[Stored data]
━━━

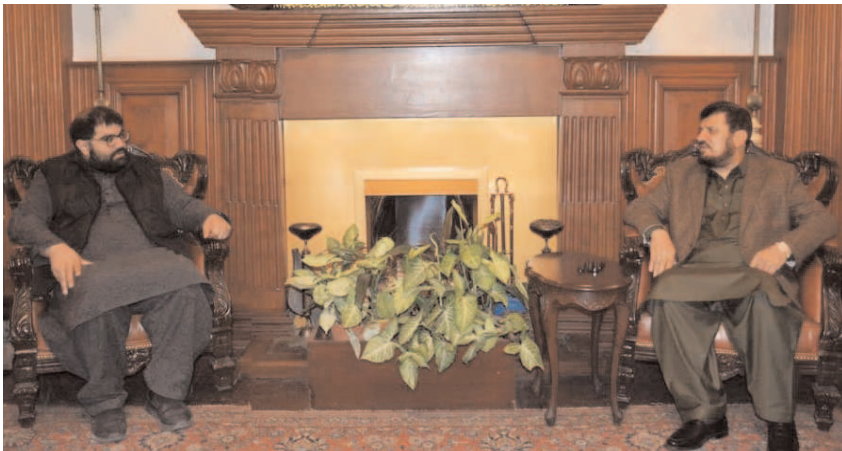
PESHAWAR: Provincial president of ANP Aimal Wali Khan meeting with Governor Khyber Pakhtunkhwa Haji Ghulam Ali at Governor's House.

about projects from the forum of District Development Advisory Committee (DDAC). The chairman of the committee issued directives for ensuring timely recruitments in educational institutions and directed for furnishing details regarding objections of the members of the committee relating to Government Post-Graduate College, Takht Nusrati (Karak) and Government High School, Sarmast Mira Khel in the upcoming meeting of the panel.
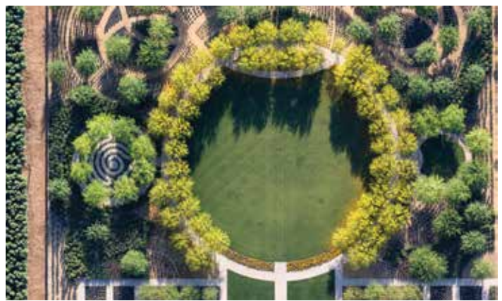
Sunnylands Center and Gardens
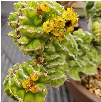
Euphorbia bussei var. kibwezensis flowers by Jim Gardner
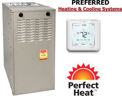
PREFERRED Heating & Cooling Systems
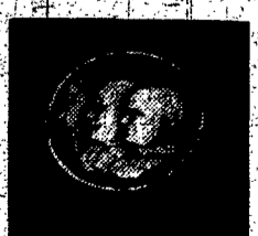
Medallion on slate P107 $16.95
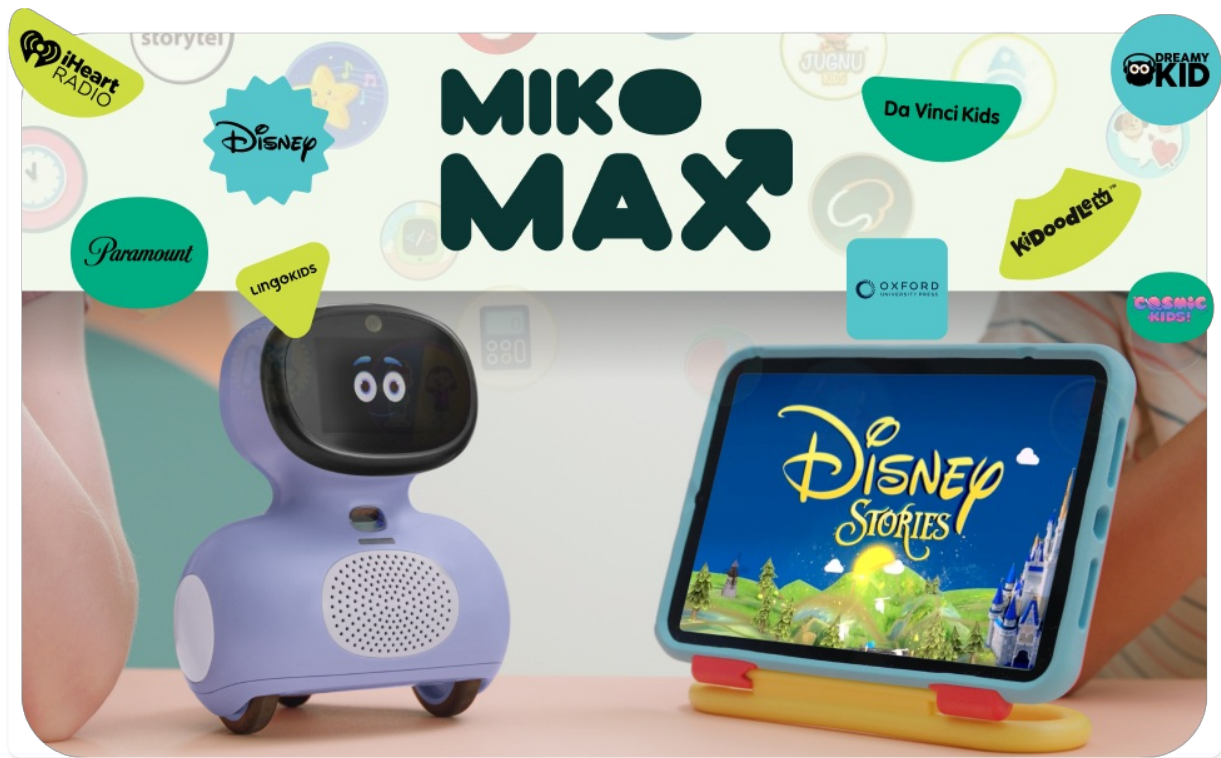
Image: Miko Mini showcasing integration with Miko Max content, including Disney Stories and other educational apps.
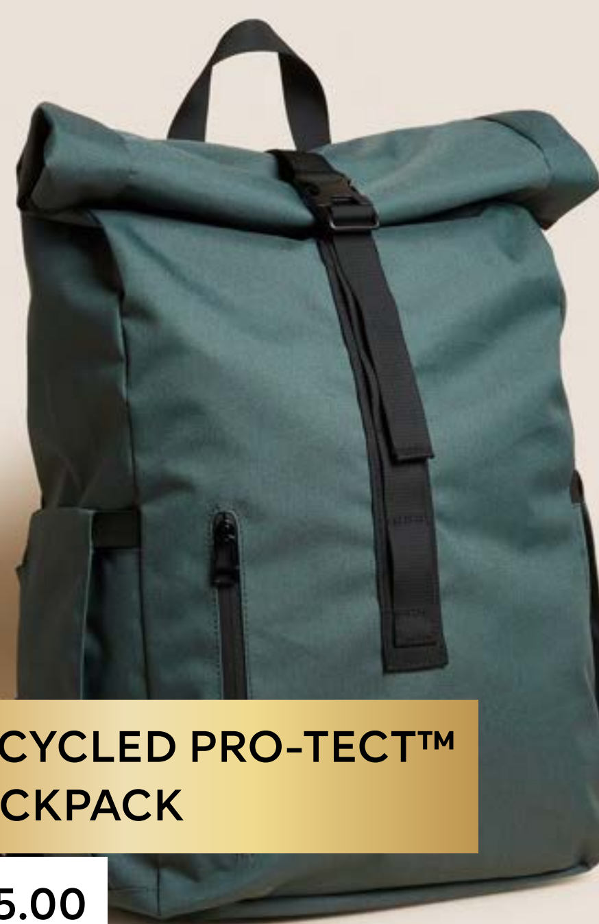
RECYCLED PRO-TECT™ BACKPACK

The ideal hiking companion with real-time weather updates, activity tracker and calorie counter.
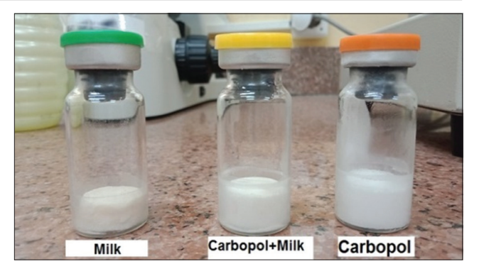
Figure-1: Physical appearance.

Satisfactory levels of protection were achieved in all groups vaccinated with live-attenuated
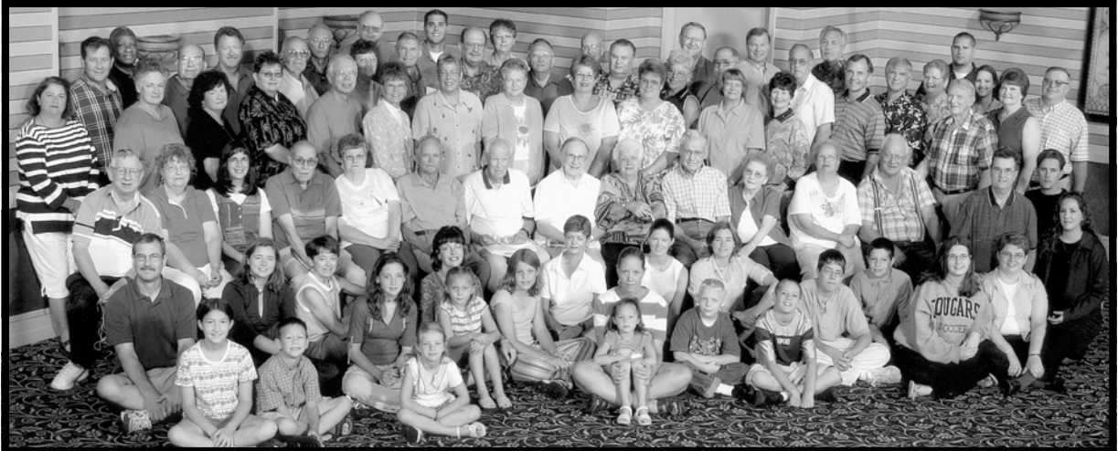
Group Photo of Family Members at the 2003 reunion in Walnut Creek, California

━━━

• Task details: Output the data verbatim, images excluded.

• Answer section:
PESHAWAR: Provincial president of ANP Aimal Wali Khan meeting with Governor Khyber Pakhtunkhwa Haji Ghulam Ali at Governor's House.

about projects from the forum of District Development Advisory Committee (DDAC). The chairman of the committee issued directives for ensuring timely recruitments in educational institutions and directed for furnishing details regarding objections of the members of the committee relating to Government Post-Graduate College, Takht Nusrati (Karak) and Government High School, Sarmast Mira Khel in the upcoming meeting of the panel.
Sunnylands Center and Gardens
Euphorbia bussei var. kibwezensis flowers by Jim Gardner
PREFERRED Heating & Cooling Systems
Medallion on slate P107 $16.95
Image: Miko Mini showcasing integration with Miko Max content, including Disney Stories and other educational apps.
RECYCLED PRO-TECT™ BACKPACK

The ideal hiking companion with real-time weather updates, activity tracker and calorie counter.
Figure-1: Physical appearance.

Satisfactory levels of protection were achieved in all groups vaccinated with live-attenuated
Group Photo of Family Members at the 2003 reunion in Walnut Creek, California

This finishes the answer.